Tuesday, September 25, 2012

The Omnipresent & Omnipotent M word

As children, most of us grew up believing that our parents were born together and that’s why they are together. We never realized that something called ‘Marriage’ happened and they were tied together in a knot, and promised each other to live the way we know they do — together.
As adolescents we realize what marriage is and wonder why it had to happen to our parents. When we see they are happy together, we know marriage is good. And when we see them fight, we are sure that marriage is the bitch there.

As adults, we are bound to hear a lot of that word. I am an adult now or so I was told and all I hear day and night is the M word. My mother who once thought that my plumpness was cuteness now suddenly thinks I should dance more or swim more or wash more clothes or do everything that takes to lose that extra 15 kgs. Why? Well, who will marry me otherwise? Marriage!

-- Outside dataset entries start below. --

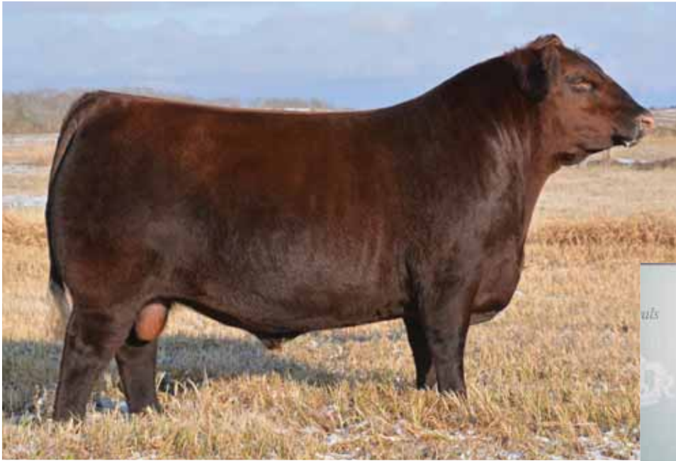
SIRE: Six Mile Signature 295B, sire of Lot 25 embryos
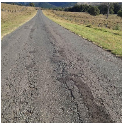
Photo demonstrates post event damage extending into distance
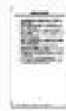
ILLUSTRATION 1: A RETRACTABLE TRIMMED PLATE IS POSITIONED AROUND THE DISPLAY SCREEN WHICH LIGHTS UP WHEN A FUNCTION IS ACTIVE (FOR EXAMPLE CD, RADIO OR AUX.)
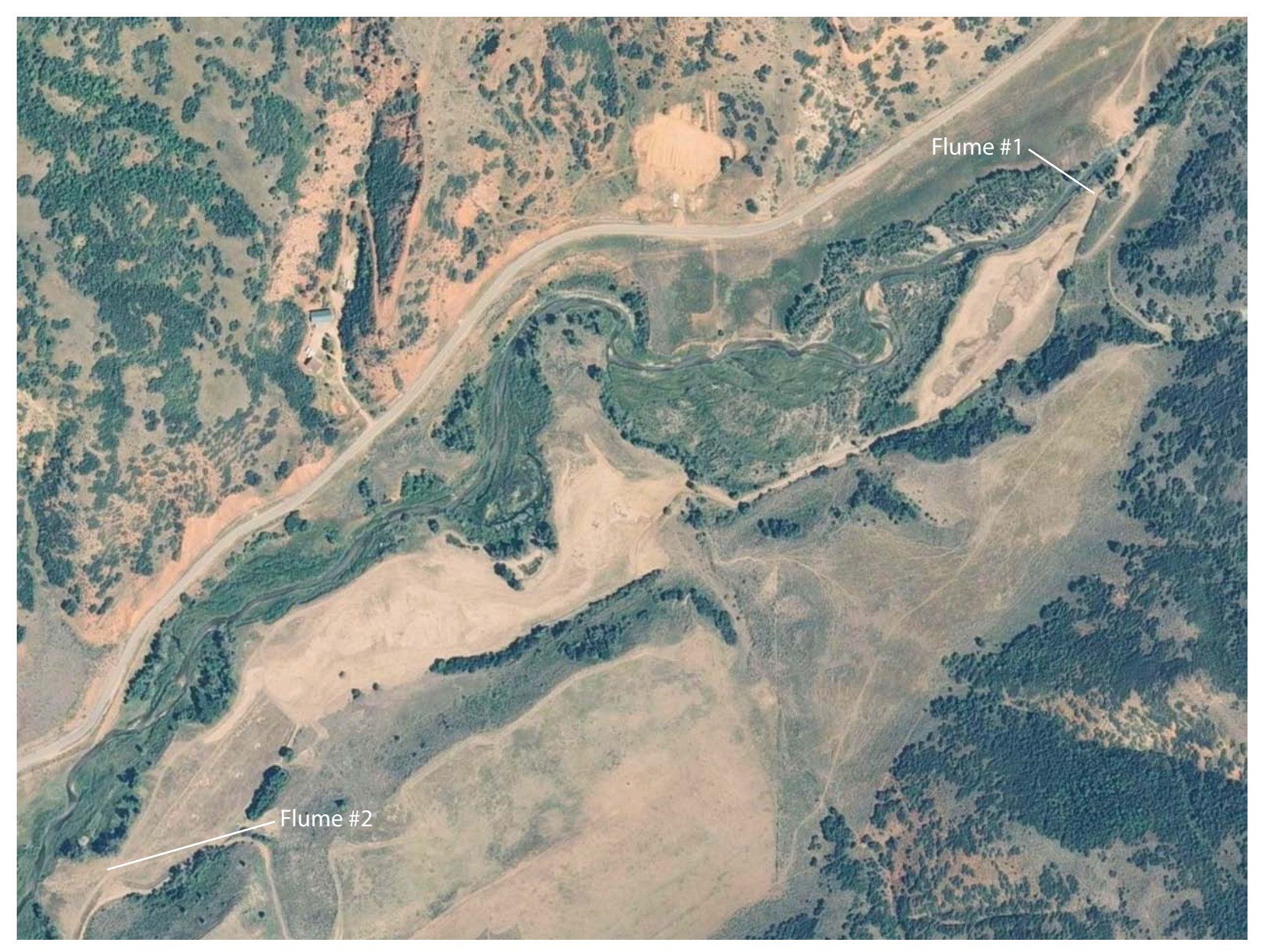
Figure 1. Aerial image taken in 2009, showing recently completed construction and location of two ramp flumes.
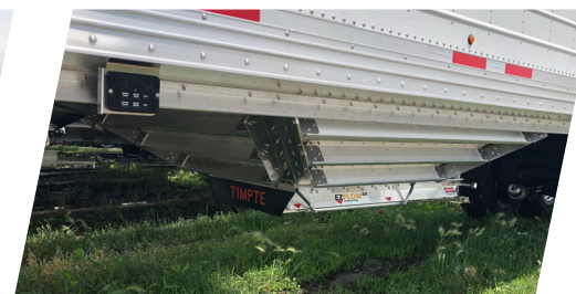
Full Double Knock Rails
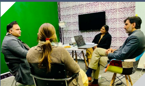
Meeting with Goal Organization
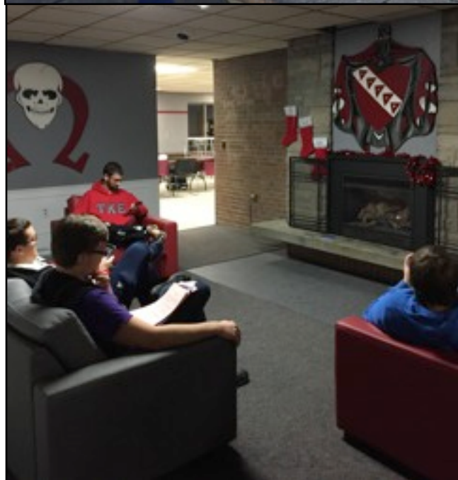
Top Photo: Prytanis Tech (front, left) and other Omega Fraters enjoyed the unseasonably warm autumn weather in front of the house. Bottom Photo: New sofas and chairs were purchased for the living room in time for Homecoming.
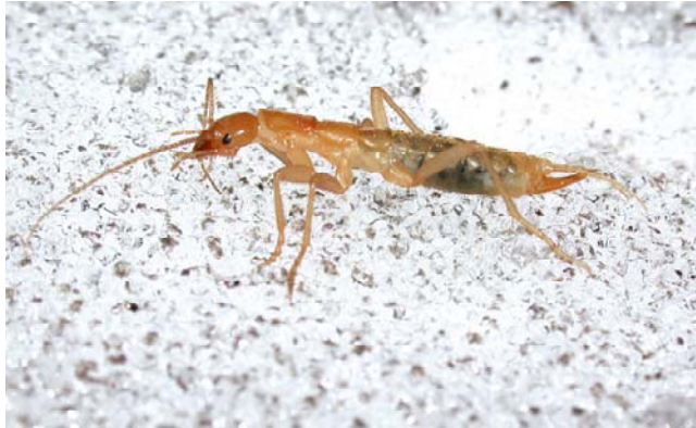
Figure 2. Member of Grylloblattidae on snow, a small family that may lay eggs in mosses.

The Grylloblattodea are predominately nocturnal and feed on detritus (Wikipedia 2015). They are wingless and have either reduced eyes or no eyes (Figure 2). There is only one family and it is comprised of only 5 genera and 34 species that live mostly in leaf litter and under stones of extremely cold environments of higher elevations.
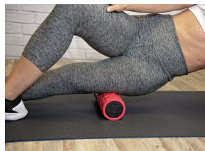
Lateral Quad/ITB TIME: 30-90 seconds VIBRATION LEVEL: 3-4
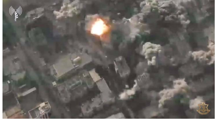
Right: The attack on the Islamic University, a center of Hamas terrorist activity (IDF spokesman's website, October 11, 2023). Left: The ruins of the Islamic University (QudsN Twitter account, October 10, 2023)
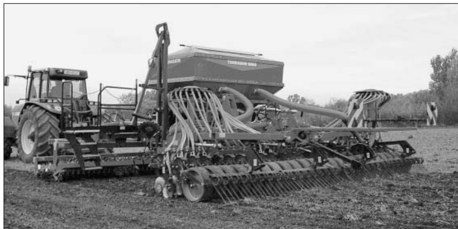
Fig. 1: Pöttinger presents at the Agritechnica the new mulch seeding combinations Terrasem 3000 T and Terrasem 4000 T with 3 m and 4 m working width

In mulch seeding and zero tillage, a wider application of known standards can be discerned. In combination with tillage implements, universal concept solutions are offered which have a larger capacity and save work steps. The trend towards larger working
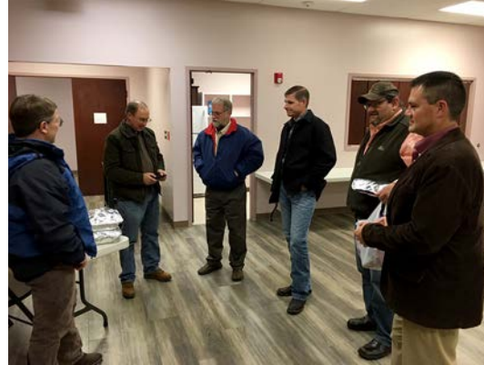
The Farm Management Series planning team discusses plans for an upcoming meeting.

Other key partners who have stepped up to help plan, sponsor and provide speakers for the series include Cleveland Crop Insurance, Delaplaine Seed Company, Farm Bureau, Farm Credit MidSouth, the Clay County Farm Service Agency and Legacy Equipment Company. ■
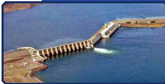
Rock Island Dam, Washington —a simpler project model.

www.usbr.gov/research/projects/detail.cfm?id=9650
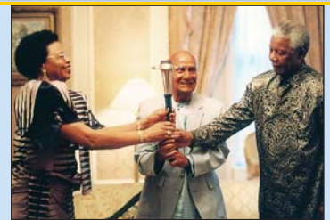
Nelson Mandela, former President of South Africa , and his wife Mama Graça Machel with Sri Chinmoy.
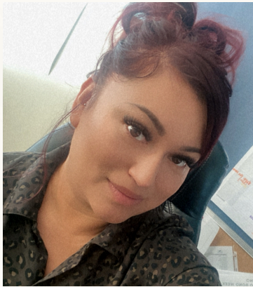
PRO BONO PARALEGAL
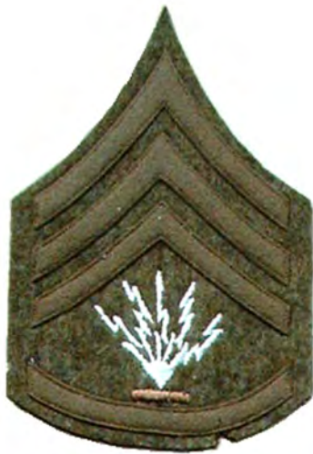
37. ELECTRICIAN SERGEANT FIRST CLASS C.A.C.
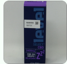
The photos on this report are of a sample collected by the lab and may vary from the final packaging.
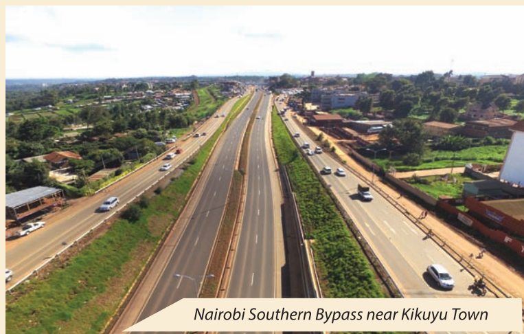
Nairobi Southern Bypass near Kikuyu Town
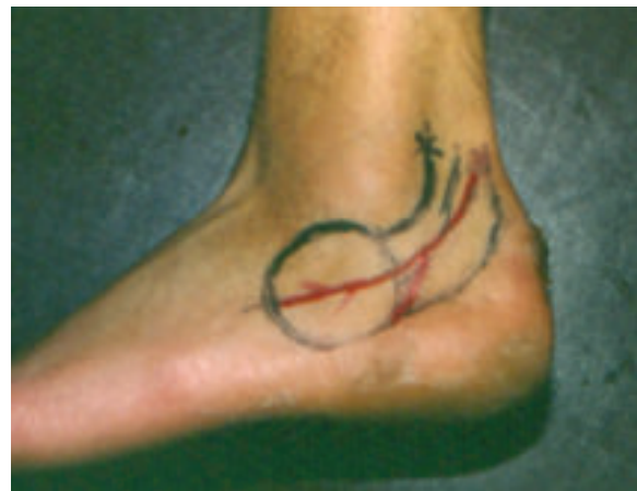
Fig-3: Preoperative design of the flap. 1

I always found enough food on the table and never bothered about that rocket science which went behind using raw materials and turning them to edible food. But now, I have to learn to cook. Why? Well, What will my mother-in-law think otherwise? What will my husband eat? Well, fair enough. Marriage, again!

I have to wear sarees more often (and not those awfully torn, superbly comfortable jeans), wear jewels (No, belly button ring doesn’t count), be less anti-social, more cordial to elders, smile more, talk less, and so on. Ah, marriage!

When you make a simple instant coffee for a friend’s mom, she grins and tells you, ‘Wah! you are ready for marriage!’ Your mother is already blushing with joy!

When all your batch mates start getting married one by one, please be assured that you will find a hyperventilating mom in your own house. 21 is ripe, 22 is looking out time, 23 is marriage time, but 24 is ancient/primitive/old. I am 24 and I already feel 80.

The situation in most of the houses where a poor 24 year old resides is pretty much the same. Mom’s are always checking out eligible bachelors, dad’s are running behind jogging hunks (yes, like the jeevansathi ad), uncles are ‘responsible’, aunt’s are networking… Phew!